The Surrogates.jl docs break the surrogate optimization method down into three steps:
- Sample selection
- Construction of the surrogate model
- Surrogate optimization
The market equilibrium problem is not formally an optimization problem; it is a root-finding problem, and it is known that under light conditions on the demand functions, a tâtonnement process that iterates by moving in the direction of the demand converges linearly toward the market-clearing solution.
In instances like those given here, where the total capacity of the schools is less than the number of students and therefore the excess demand is exactly zero at and only at the equilibrium, we can coerce the problem into an optimization form by minimizing the norm of the excess demand function.

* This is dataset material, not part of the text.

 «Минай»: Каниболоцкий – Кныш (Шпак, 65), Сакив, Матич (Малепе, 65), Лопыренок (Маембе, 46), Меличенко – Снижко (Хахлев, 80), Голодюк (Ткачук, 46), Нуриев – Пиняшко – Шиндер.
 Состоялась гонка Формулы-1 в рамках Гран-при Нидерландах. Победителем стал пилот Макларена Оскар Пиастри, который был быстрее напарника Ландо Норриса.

Using this trick, I tried the surrogate optimization approach, but it turned out not to be very cost effective. The number of sample points required simply to build a workable surrogate is much higher than the number needed to find a fairly precise equilibrium by tâtonnement, and the surrogate optimizer requires additional demand evaluations beyond that.
Sidestepping the optimization problem (point 3), I tried developing a surrogate for the excess demand vector itself, and applied the tâtonnement procedure to this surrogate instead of the original. This yielded even poorer results than the norm approach.

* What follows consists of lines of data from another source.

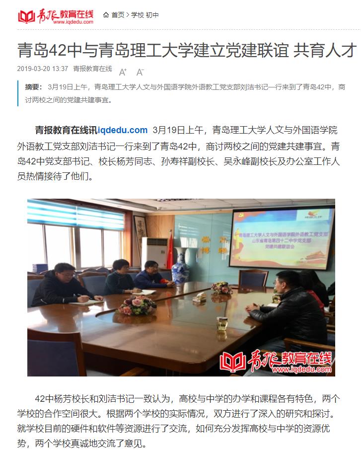 青报教育在线讯iqdedu.com 3月19日上午,365完美体育人文与外国语学院外语教工党支部刘洁书记一行来到了青岛42中,商讨两校之间的党建共建事宜。青岛42中党支部书记、校长杨芳同志、孙寿祥副校长、吴永峰副校长及办公室工作人员热情接待了他们。
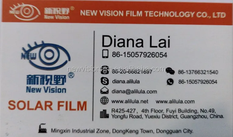 Guangdong New Vision Film Co., Ltd. is located in Yongfu Road largest auto parts. We are a professional manufacturer of solar window film, set design, development, manufacturing as a professional manufacturer.We focus on a series of fashion accessories, a wide range of diversity, reasonable price and on-time delivery.
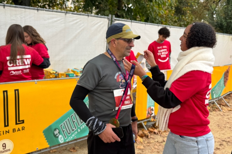 Erwartungsgemäß ist im Verpflegungsbereich nicht mehr viel los. Es gibt zwei Flaschen Iso-Getränk und vier Päckchen mit schmackhaften Energieriegeln. Aus Umweltschutzgründen hat man auf wärmende Plastiküberzüge verzichtet und hier gleich die Taschenabgabe eingerichtet. Wir machen uns schnell auf den zwei Kilometer langen Weg zum Hotel. Unglaublich, welche Menschenmassen in der Innenstadt unterwegs sind, um sich bei freundlichem Herbstwetter im Zentrum zu vergnügen.

The superiority of the tâtonnement procedure was even clearer in a larger market.
Theoretically, the reason that direct evaluation is worth the cost in equilibrium problems is that the excess demand vector is an improvement direction. It provides not only information about the "status" of the market at the given prices, but points in the direction of more efficient prices.
In cases where the demand is truly computationally intractable, the best way to approximate the market-clearing cutoffs remains the one suggested by Azevedo and Leshno (2016): generate a large, discrete instance of the admissions market, run the student-proposing and school-proposing deferred acceptance algorithm, and take the average of the realized cutoffs.
Azevedo, Eduardo M. and Jacob D. Leshno. 2016. “A Supply and Demand Framework for Two-Sided Matching Markets.” Journal of Political Economy 124, no. 5 (Sept.): 1235–68.